> _Instructions to follow_
All that is needed is the first stretch of the listing below, repeated exactly and ending with the line that contains "THIS GREAT FORD". Pictures are to be left out.

> _Raw data_
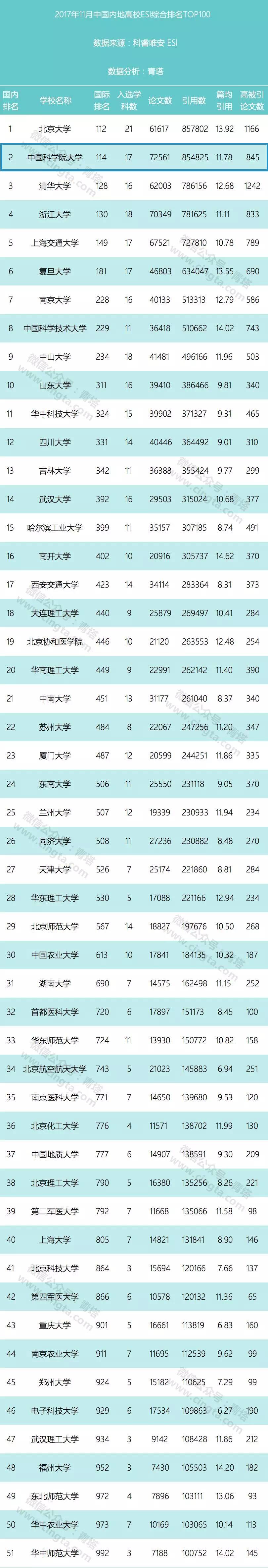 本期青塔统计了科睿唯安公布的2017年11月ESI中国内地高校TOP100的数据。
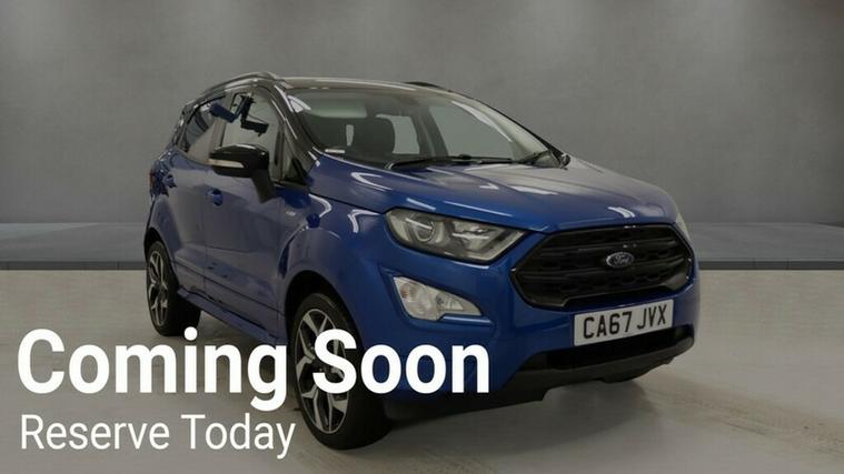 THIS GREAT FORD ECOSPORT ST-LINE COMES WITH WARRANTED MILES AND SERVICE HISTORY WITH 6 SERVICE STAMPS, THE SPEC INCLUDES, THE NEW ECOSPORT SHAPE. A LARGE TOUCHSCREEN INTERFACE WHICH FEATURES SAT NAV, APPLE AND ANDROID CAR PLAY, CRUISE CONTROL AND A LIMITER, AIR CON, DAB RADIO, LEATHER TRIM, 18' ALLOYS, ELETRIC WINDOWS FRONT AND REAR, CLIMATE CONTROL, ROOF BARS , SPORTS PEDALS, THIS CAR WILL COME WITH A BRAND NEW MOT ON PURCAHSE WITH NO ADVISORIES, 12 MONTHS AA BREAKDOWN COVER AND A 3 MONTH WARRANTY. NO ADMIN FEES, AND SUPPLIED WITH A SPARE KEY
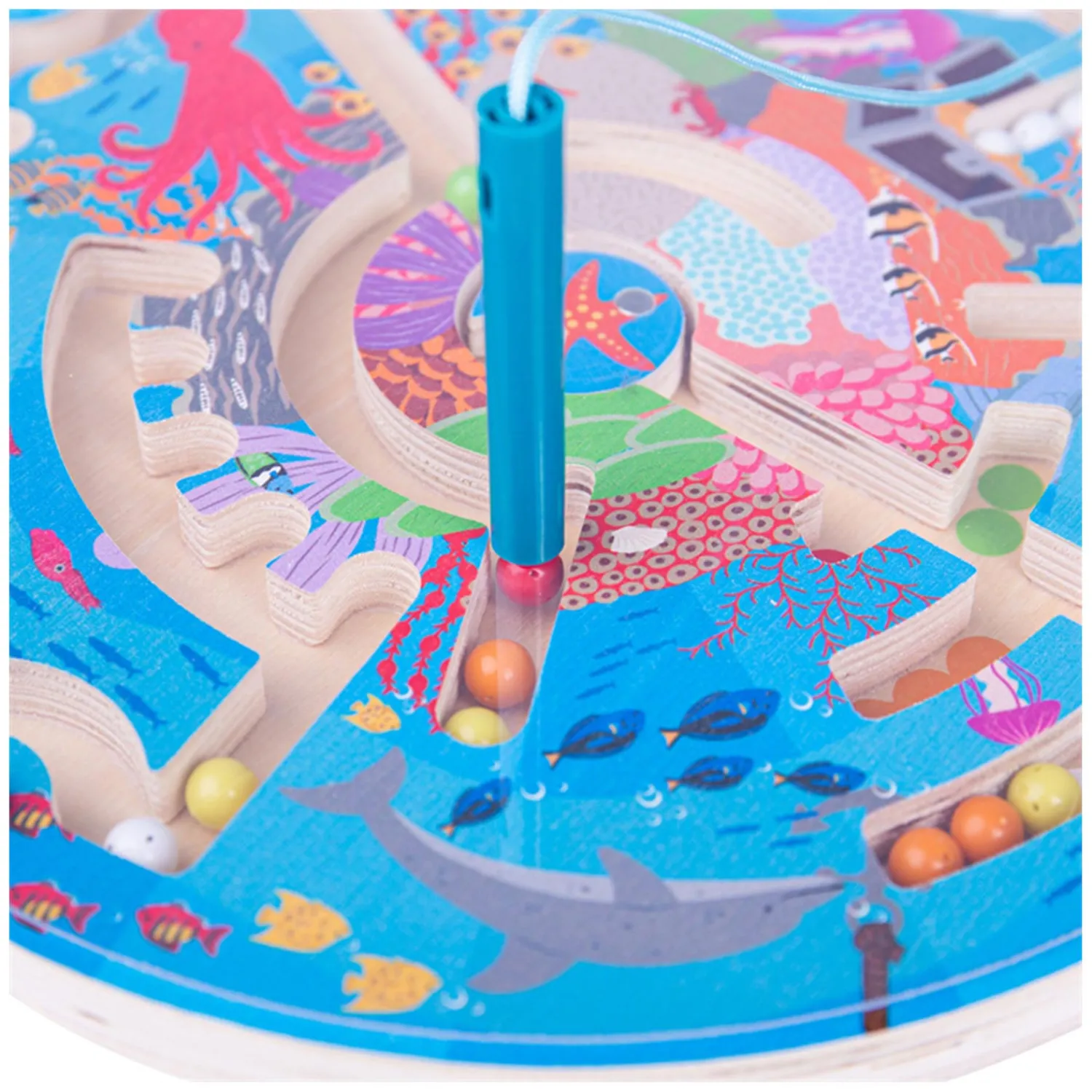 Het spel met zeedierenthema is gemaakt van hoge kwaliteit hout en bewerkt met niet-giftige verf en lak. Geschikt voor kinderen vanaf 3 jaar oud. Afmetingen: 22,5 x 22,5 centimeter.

> _Completed task_
 本期青塔统计了科睿唯安公布的2017年11月ESI中国内地高校TOP100的数据。
 THIS GREAT FORD ECOSPORT ST-LINE COMES WITH WARRANTED MILES AND SERVICE HISTORY WITH 6 SERVICE STAMPS, THE SPEC INCLUDES, THE NEW ECOSPORT SHAPE. A LARGE TOUCHSCREEN INTERFACE WHICH FEATURES SAT NAV, APPLE AND ANDROID CAR PLAY, CRUISE CONTROL AND A LIMITER, AIR CON, DAB RADIO, LEATHER TRIM, 18' ALLOYS, ELETRIC WINDOWS FRONT AND REAR, CLIMATE CONTROL, ROOF BARS , SPORTS PEDALS, THIS CAR WILL COME WITH A BRAND NEW MOT ON PURCAHSE WITH NO ADVISORIES, 12 MONTHS AA BREAKDOWN COVER AND A 3 MONTH WARRANTY. NO ADMIN FEES, AND SUPPLIED WITH A SPARE KEY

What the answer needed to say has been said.